Тамара не отняла руки, её глаза удивлённо расширились.
— Слышишь, Тамара?
Она кивнула:
— В самом деле, как турбина.
— Это моё сердце тяжело дышит от усталости. Врачи говорят, что это шумы в сердце, стенокардия и так далее, но я-то знаю: оно устало от одиночества! Я одинок, как единственный глаз у идущего к слепым человека! Знаешь, кто сказал?
Тамара закивала, не сводя глаз с Бусыгина, но оказалось, что её кивки означали лишь готовность к сочувствию:
— Вы?
— Я бы обязательно так сказал, если бы задолго до меня этого не написал Маяковский.
— Я так и подумала. Маяковский.
— А что же не сказала?
— Не знаю.
Когда всё было допито и съедено, Школьников вышел по нужде и Пётр Андреевич, тяжело поднявшись, отправился за ним следом. Пока тот мыл руки, Бусыгин подошёл сзади.
— Слушай, Исаич, а поехали к тебе? Тут больше делать нечего, скоро они закроются. С Тамарой я уже договорился, она согласна. Поехали, а? Я бы вас к себе пригласил, но у меня дома супруга, это не вариант, сам понимаешь…
Школьников начал было бормотать, что у него не убрано, ему неудобно, но подняв глаза к зеркалу над раковиной, увидел нависшую над ним фигуру Петра Андреевича с раскрасневшимся от выпитого лицом громовержца и понял, что возражать бесполезно. Всё будет так, как решил Бусыгин, иначе быть просто не может. Ему остаётся только согласиться.

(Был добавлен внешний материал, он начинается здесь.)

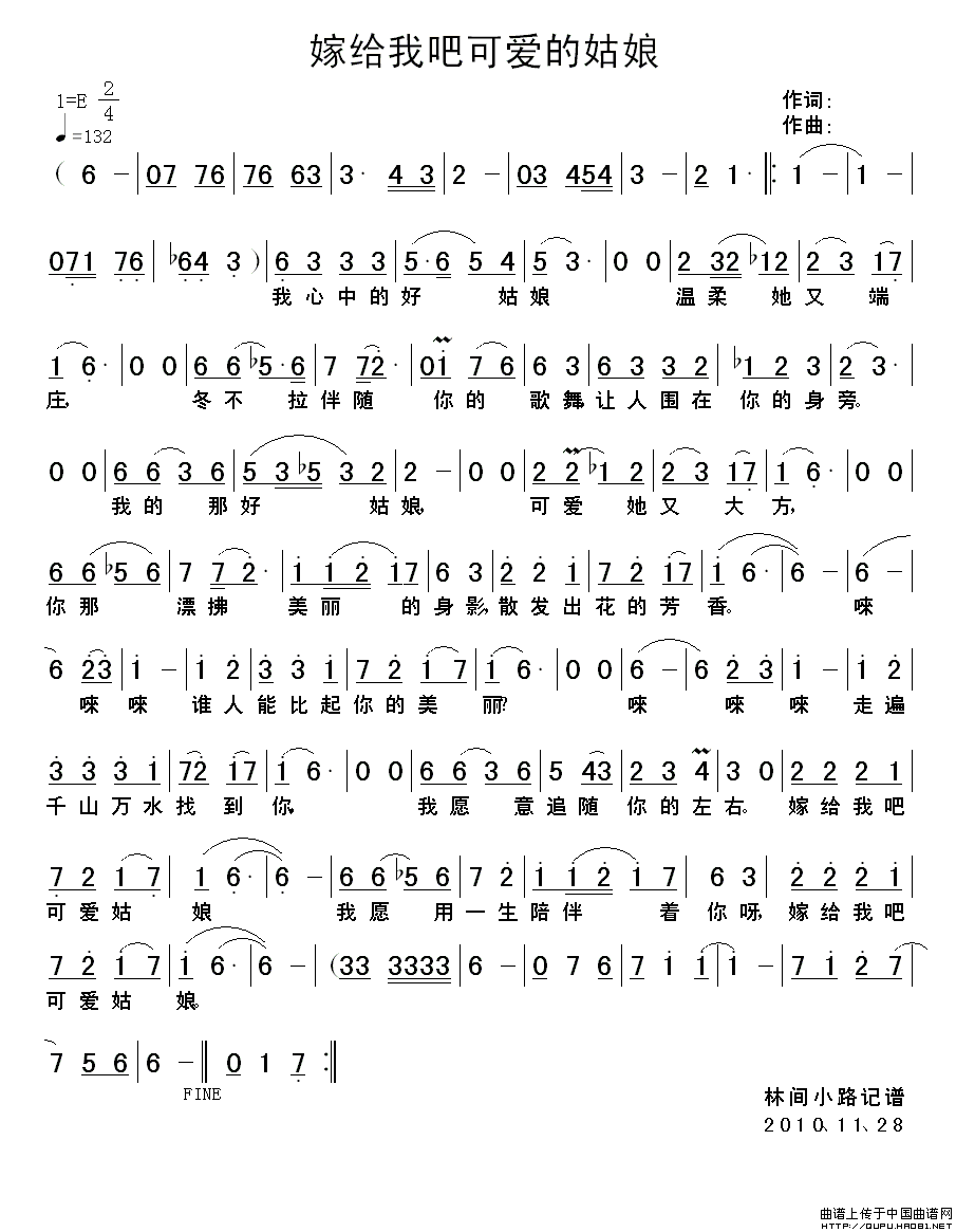 关于《嫁给我吧可爱的姑娘》曲谱的评论

Они уже вызвали такси, когда с левой руки Бусыгина раздался знакомый Школьникову писк. На этот раз он не хотел прекращаться, сколько Пётр Андреевич, рыча от ярости, не жал на кнопки, и не унимался до тех пор, пока Бусыгин, вконец рассвирепев, не шарахнул браслетом о стол.
Семён Исаевич жил в небольшой однокомнатной квартире, заваленной книгами так, что её и без того скромные размеры уменьшились в два, если не в три раза. В крошечной прихожей было не развернуться и не раздеться втроём без того, чтобы не тереться друг о друга, поэтому Бусыгин с официанткой вошли в комнату совсем сблизившимися, обменявшись прикосновениями, после которых слова уже не нужны. Вертевшийся между ними Школьников проскользнул первым и принялся поспешно убирать раскиданную по стульям и стопкам книг одежду, задвигать подальше от глаз пузырьки с лекарствами и тарелки с засохшей едой, торопясь скрыть следы своего обитания здесь, будто в самой его одинокой жизни было что-то постыдное, что не должны были видеть посторонние. Пока Пётр Андреевич распаковывал купленные по дороге напитки и припасы, Тамара осматривалась среди книг почти испуганно. Вероятно, она никогда не видела их в таком количестве. Она осторожно потрогала несколько корешков, но снять их с полки не решилась. Вместо этого открыла лежавший сверху альбом с фотографиями античной скульптуры, полуобнажённых богинь и нимф, дриад и вакханок. Но не успела перелистать пары страниц, как Школьников вырвал альбом у неё из рук и задвинул на самую верхнюю полку, до какой смог достать. Поняв, что заглянула туда, куда ей не полагалось, Тамара с виноватым видом протянула Семёну Исаевичу забытые им на спинке кресла носки. Он схватил их и, не придумав, куда деть, яростно скомкал и засунул в карман.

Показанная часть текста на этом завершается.